Remember to review and follow IndyPL BiblioCommons Guidelines for Shared System Members .  Know the protocol on representing both the public library and your location library to catalog users.

Show What You Know

As a library staff member in the Shared System, people see you as the expert.  They might see you as an expert at different things – finding just the right book for just the right student, for example, or tracking down the perfect resource for a teacher, or remembering that tall green book for a museum curator or volunteer.

Turn your expertise into lists.  If the second grade teacher always does a unit on apples culminating in a trip to the apple orchard, by all means find your best apple books and put them in a K-12 Study Guide List. If you know your middle school bleeding hearts love “dead girl novels” – the kind where the heroine always dies tragically in the end, concoct a genre list and call it dead girl novels. 

Please add #SharedSystem to the lists you create.  This allows your list to show up in the Kids Catalog as Staff Picks under the Explore menu item.

When you create a list, you’re given two options – the If You Like… option is just that – recommendations for readers (or viewers) who liked a particular book, movie, song or author.  The other option, Guides and Recommendations, provides a few subcategories that will be helpful to the user:  Genre, Topic, K-12 Study Guide, or Top Picks). 

If you use the If You Like… list, be sure to explain briefly something about the anchor title.  Then, in the list of titles you think readers might also enjoy, be sure to explain how the recommended title is similar to the anchor title.  Remember that these annotations will also appear as comments so they should be able to stand alone as well as serve the purpose of your list.
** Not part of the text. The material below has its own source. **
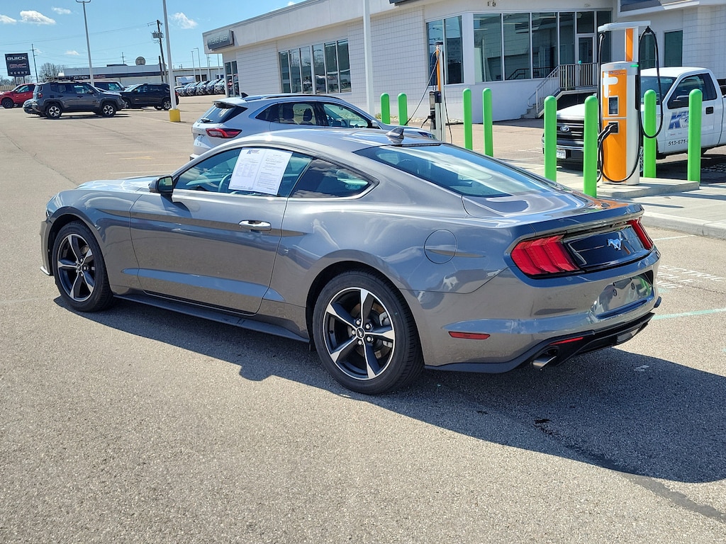 CARFAX One-Owner. Clean CARFAX. Carbonized Gray Metallic 2022 Ford Mustang EcoBoost RWD 6-Speed Manual EcoBoost 2.3L I4 GTDi DOHC Turbocharged VCT Mustang EcoBoost, 2D Coupe, EcoBoost 2.3L I4 GTDi DOHC Turbocharged VCT, 6-Speed Manual, RWD, Carbonized Gray Metallic, Ebony Cloth, Auto High-beam Headlights, Brake assist, Delay-off headlights, Electronic Stability Control, Equipment Group 100A, Exterior Parking Camera Rear, Fully automatic headlights, Panic alarm, Rear Parking Sensors, Speed control, Wheels: 18" x 8" Machined-Face Aluminum.
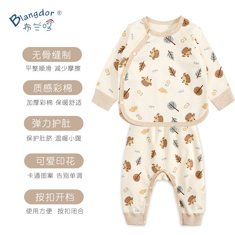 宝宝秋衣秋裤套装纯棉春秋冬款婴儿高腰护肚衣服无骨睡衣分体内衣

Genre guides can be niche genres (like the dead girl novels above) or more general but targeting your particular audience. 

Topic guides are wide open!  You might build one off a current trend you’re hearing people talk about.  You could use your school’s theme or values and gather related books in a list.  Think about the calendar for the year.  Would 8th graders appreciate books that talk about high school jitters? 
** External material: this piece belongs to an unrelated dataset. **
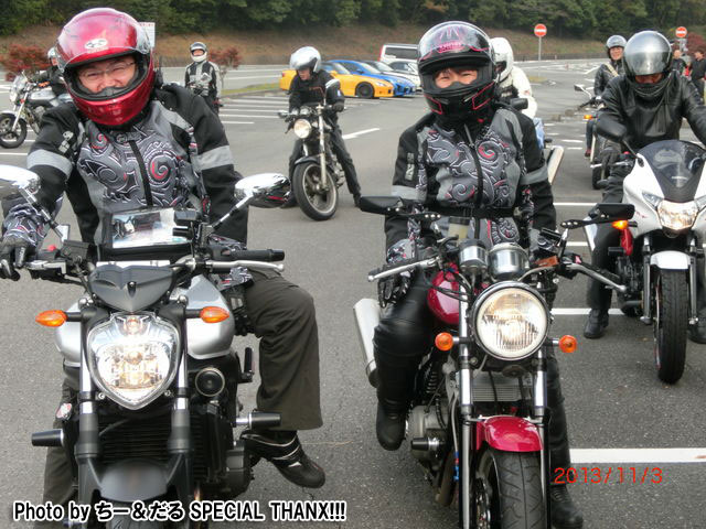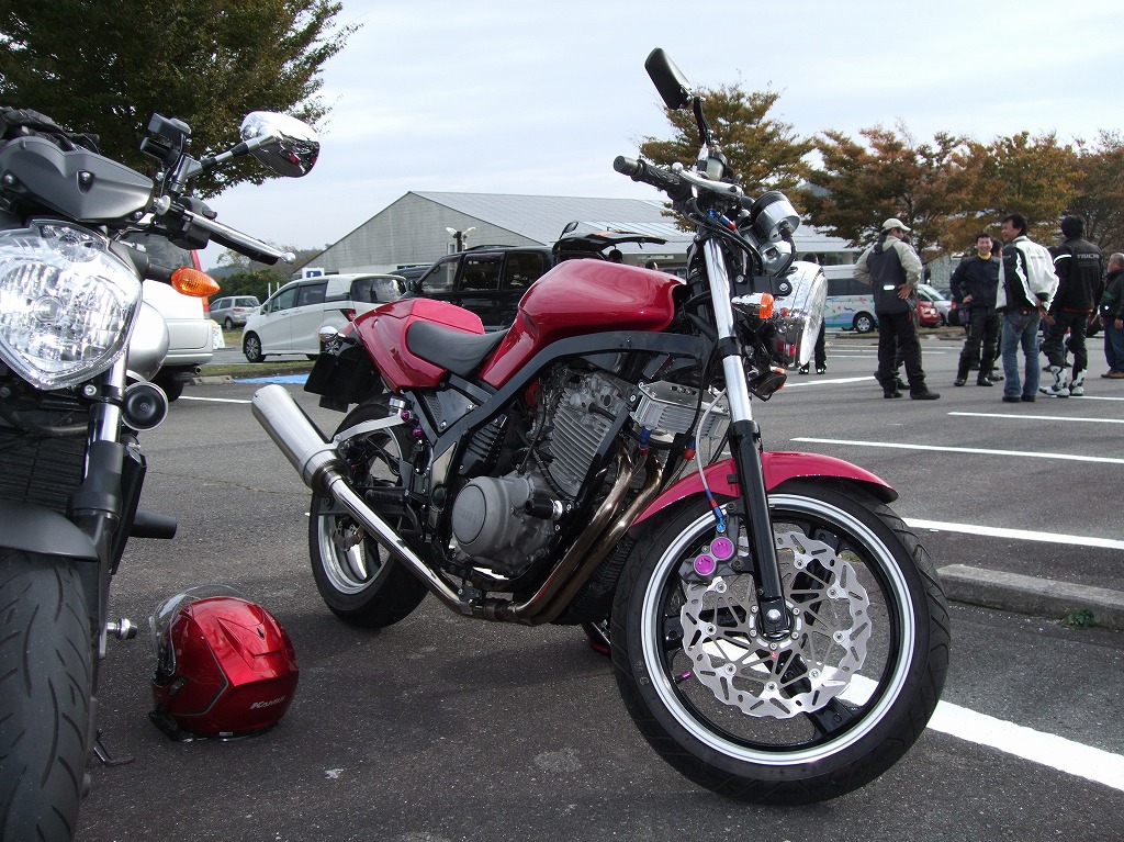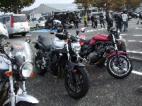 しじみ@女子力号の隣は、旦那のこうヤン氏の…、FZ6かな?8かな?? みっきー号のアルミ製ワンオフグラブバーに、初期型乗り全員が『イイね!』をつけましたw 何ンかツボに入れちゃったtakaちゃんとツボに入れられちゃったみっきー氏w |

Lists that fall under the K-12 Study Guide should be fairly obvious.  They’ll support a unit of study, a curriculum standard, or a common research topic.
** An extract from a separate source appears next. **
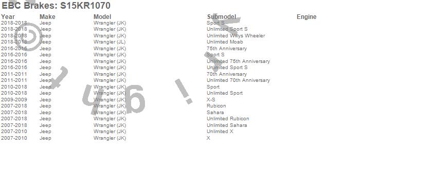 Below is an abbreviated list of applications for the S15 Kit Extra Duty and USR Rotors.
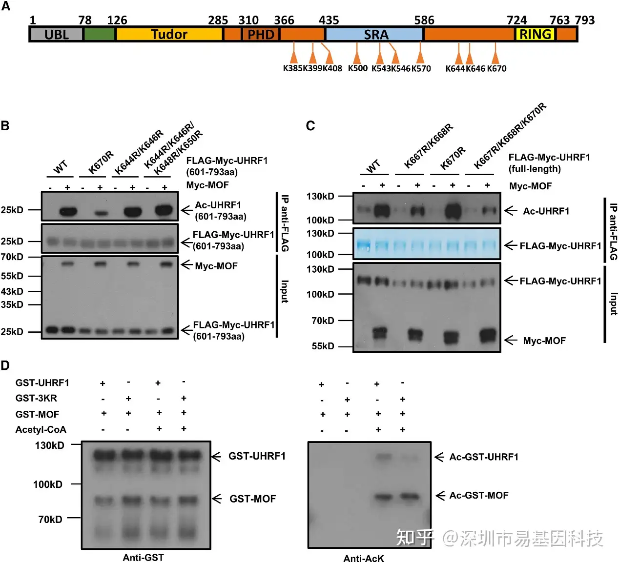 图3:通过定点突变鉴定MOF介导的UHRF1乙酰化位点

You can add URLs to any kind of list.  Bibliocommons may automatically add an annotation and image.  You can edit the annotation, but not the image.  Think about including links to videos available in Kanopy, or to articles in one of the online databases – or to the online database itself.

Tips

  • Link to the bib record that is IndyPL’s edition with the highest number of requestable copies and also part of the grouped record. This ensures the most successful request experience and also offers a convenient look at the format choices. 
  • You could also create a new list, or add to an existing list from the catalog.  To do that, look up the title/author/subject, then navigate to the right column where the Lists are and click on Add.  You’ll be prompted whether to add it to a new or existing list.  If you already have the list started, you’ll see the list of your lists and you can select your list from there.
  • As you create your List, it saves automatically as a draft.  You can get a great idea, add two titles, get distracted, and your list will still be there waiting for you to finish it when you come back.
  • When you’re creating Lists, “publish” means that the list exists. THEN you choose whether the list is seen by “everyone,” “anyone with the link,” or “only me.”
  • When your list is done, publish it and then click on all the links to make sure you have chosen the best record.
  • You have the option to publish a List to “only me.”  The “only me” option is a great place to store your ideas. You do have to have 4 items in a list to be able to publish it.